■ **TASK INPUTS**
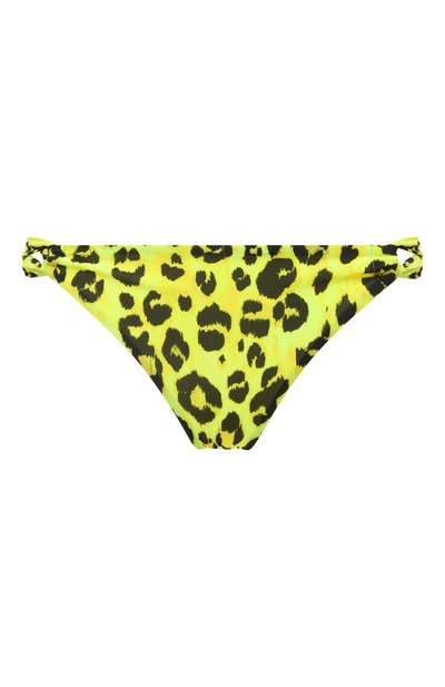 Неоново-желтым плавкам добавили яркости черным контрастным принтом в виде леопардового узора. Для пошива модели, дополненной широкими лентами по бокам, использовали тонкий гладкий нейлон. Чтобы изделие комфортно облегало фигуру, в состав включили эластан.
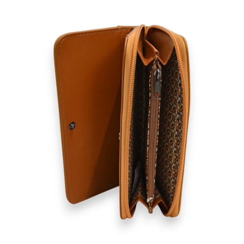 Dal lato pratico, dispone di una parte con chiusura a pressione dedicata alla sistemazione delle carte, e di una seconda parte con zip per le monete e le banconote. La sua fodera stampata e le sue finiture curate ne fanno un accessorio tanto estetico quanto funzionale.
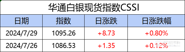 华通白银现货指数cssi走势日报,今日指数1095.26,日涨跌 8.73,日涨跌 0.80%
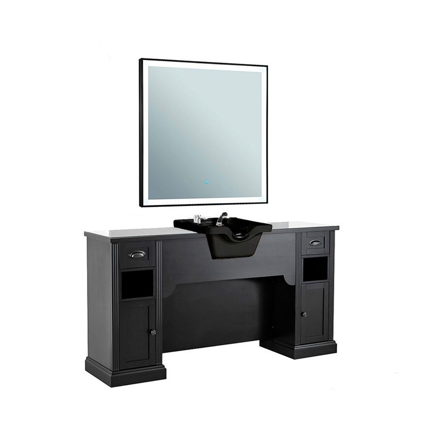 Tocador de Barbería Vintage con Lavacabezas Negro y Espejo Modelo WILLIAM 11B
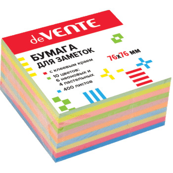 Стикеры “dV” 76×76 мм 6 неоновых и 4 пастастельных цветов (1 блок, 400 листов)
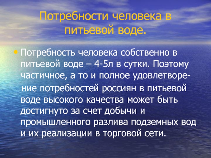 Потребность человека собственно в питьевой воде –
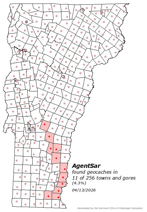 | Top Finders of Vermont Geocaches | Plots all your finds across Vermont and lists where you rank among other top VT cachers. |
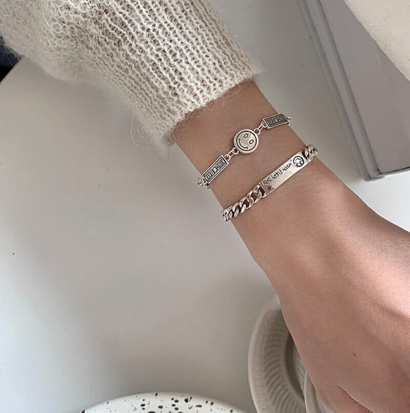 LIVVY 笑顔スクエア文字太いチェーンチャームブレスレット女性ラウンドタイシルバーカラーのトレンディなパーティージュエリー 銀 スクウェア Liv67453416487
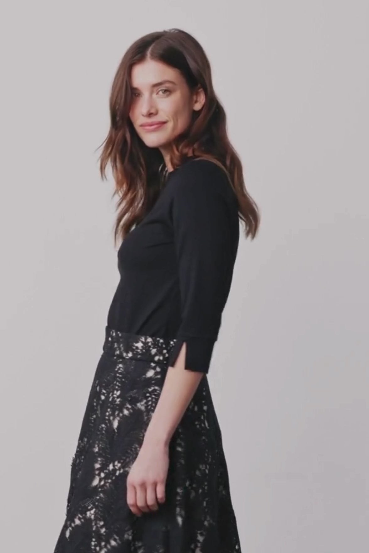 A staple style every woman should have in their collection, our top is designed with an elegant bateau neckline, three-quarter sleeves and slit cuffs. Fashioned in a soft, flexible fabric that is machine washable and resistant to pilling. We’ll pair it with our skirts.

■ **TASK ITEM**
Set down each record above exactly as it stands and leave out all pictures.

■ **YOUR SOLUTION**
 Неоново-желтым плавкам добавили яркости черным контрастным принтом в виде леопардового узора. Для пошива модели, дополненной широкими лентами по бокам, использовали тонкий гладкий нейлон. Чтобы изделие комфортно облегало фигуру, в состав включили эластан.
 Dal lato pratico, dispone di una parte con chiusura a pressione dedicata alla sistemazione delle carte, e di una seconda parte con zip per le monete e le banconote. La sua fodera stampata e le sue finiture curate ne fanno un accessorio tanto estetico quanto funzionale.
 华通白银现货指数cssi走势日报,今日指数1095.26,日涨跌 8.73,日涨跌 0.80%
 Tocador de Barbería Vintage con Lavacabezas Negro y Espejo Modelo WILLIAM 11B
 Стикеры “dV” 76×76 мм 6 неоновых и 4 пастастельных цветов (1 блок, 400 листов)
 Потребность человека собственно в питьевой воде –
 | Top Finders of Vermont Geocaches | Plots all your finds across Vermont and lists where you rank among other top VT cachers. |
 LIVVY 笑顔スクエア文字太いチェーンチャームブレスレット女性ラウンドタイシルバーカラーのトレンディなパーティージュエリー 銀 スクウェア Liv67453416487
 A staple style every woman should have in their collection, our top is designed with an elegant bateau neckline, three-quarter sleeves and slit cuffs. Fashioned in a soft, flexible fabric that is machine washable and resistant to pilling. We’ll pair it with our skirts.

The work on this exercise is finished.